I always build front ends the opposite way around to how lex / yacc work. In this model (which I think of as 'push'), the lexer drives the parser. It identifies a token, then tells the parser 'I have a token of kind X, please handle it'. This works really badly for languages with context-dependent keywords. For example, in Objective-C, the token atomic may be a keyword if it's in a declared-property declaration or an identifier if it's anywhere else (including in some places in a declared-property declaration). The lexer doesn't know which it is, so you need to either:
Have the lexer always treat atomic as an identifier and then do some re-lexing in the parser to say 'ah, you have an identifier, but it's this specific identifier, so it's actually a keyword.

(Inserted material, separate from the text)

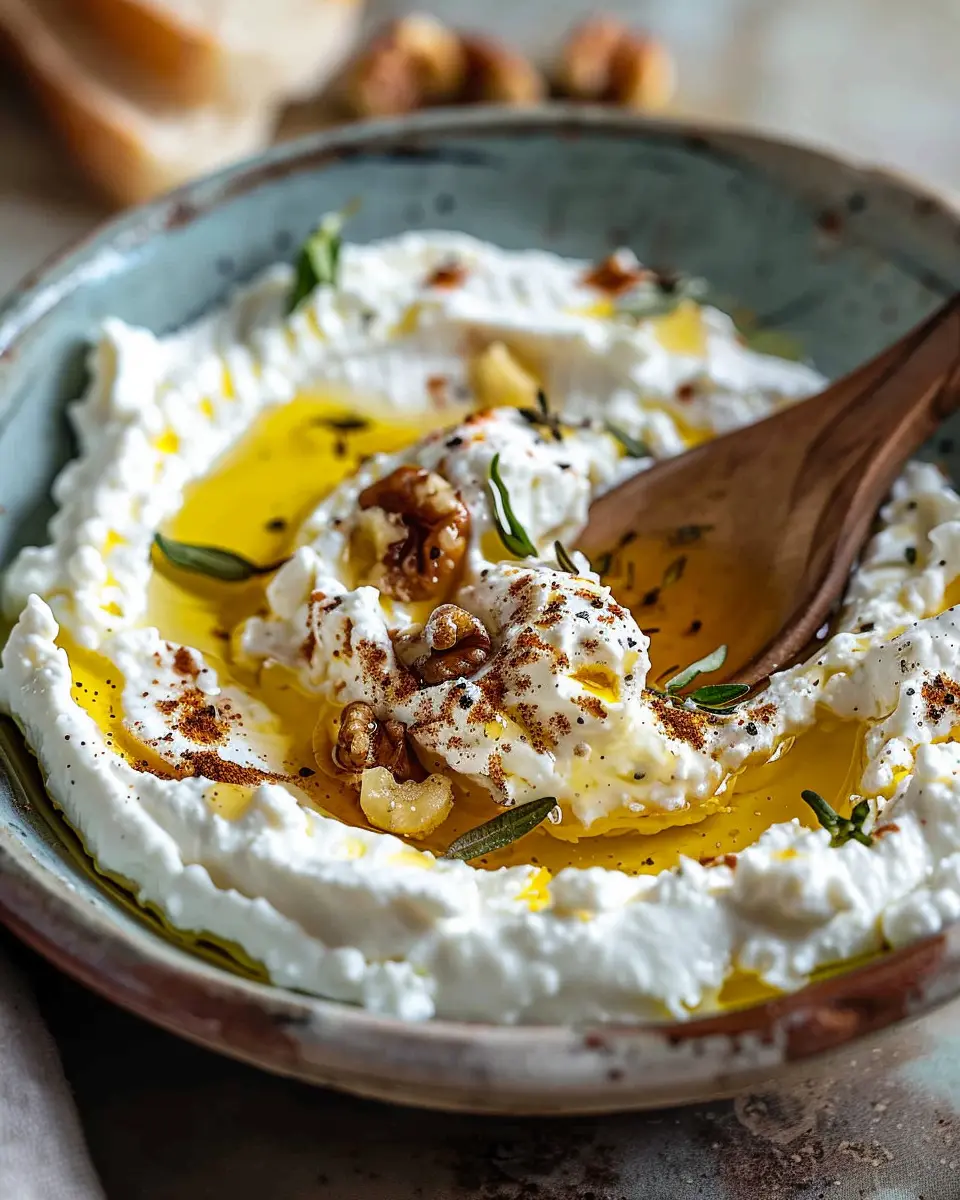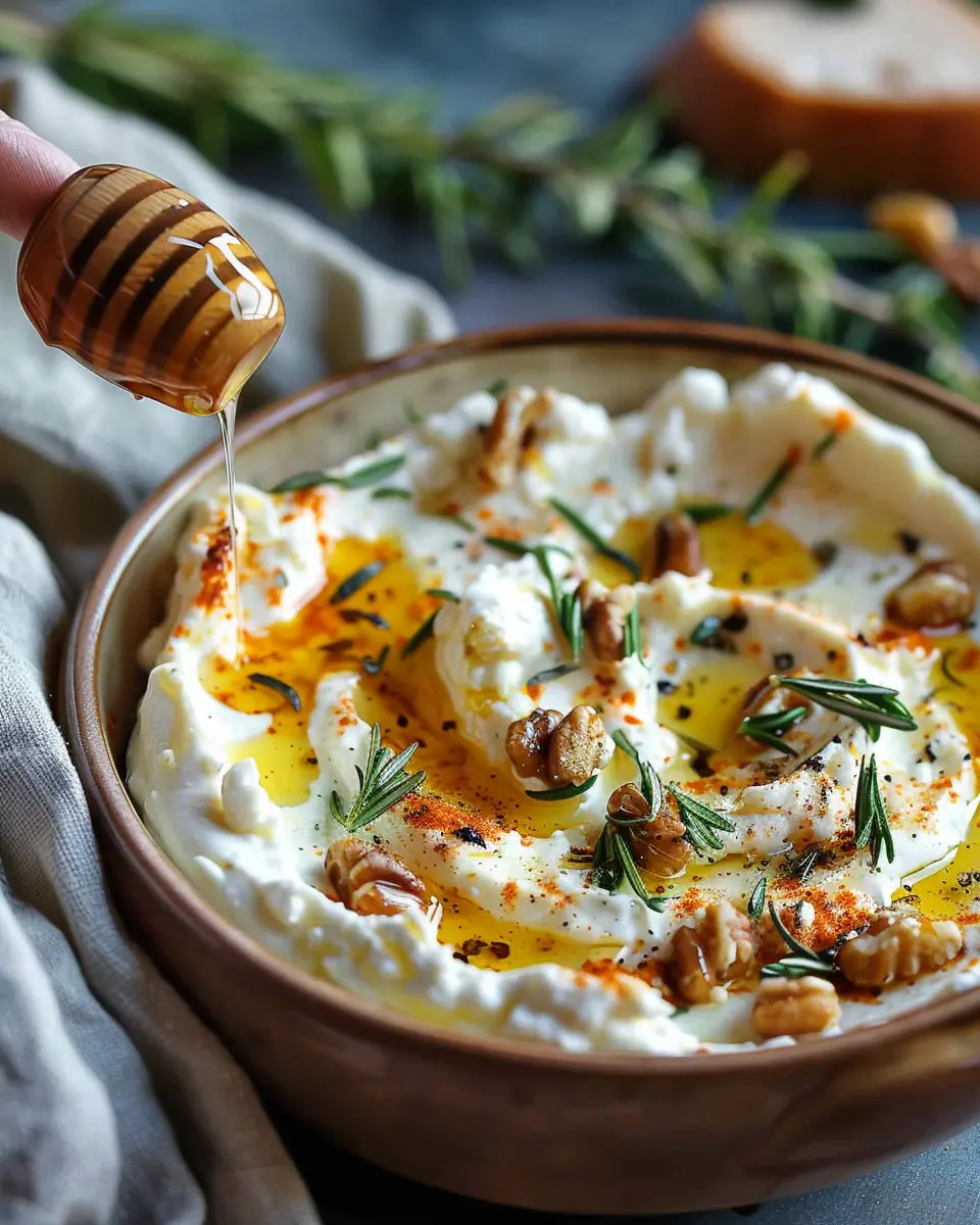 Now that your dip and drizzle are ready, it’s time to assemble everything beautifully. Take your blended ricotta mixture and transfer it into a serving bowl. Use the back of a spoon to create a slight well in the center and drizzle your hot honey generously over the top. Sprinkle some chopped parsley for a touch of color; this makes the dish look even more appetizing!

Replace everything else that uses an identifier with 'identifier or one of these things that are keywords elsewhere'.
The thing you want is to have (at least) two notions of an identifier (any identifier, or identifier-but-not-that-kind-of-identifier) in the lexer, but the lexer can't do this because lexing must be unambiguous in the push model.
In the pull model, the parser is in charge. It asks the lexer for the next token, and may ask it for a token of a specific kind, or a specific set of kinds. The parser knows the set of things that may happen next. If you're somewhere that has context-specific keywords, ask the lexer for them first, and if it doesn't have one ask it for an identifier. Now you have explicit precedence in the parser that disambiguates things in the lexer and avoids introducing complexity in the token definitions. You may also have simpler regexes in the lexer, because now you can specialise for the set of valid tokens at a specific point. If you know you need a comma or a close-parenthesis after you've parsed a function argument, you can ask for precisely that set of valid tokens, which compiles down to under five instructions on most architectures, rather than the full state machine that can parse any token.
Even without any performance benefits, it's just a much nicer way of writing a parser. Yet the other way around seems to still be taught and explained as if it's a sensible thing to do.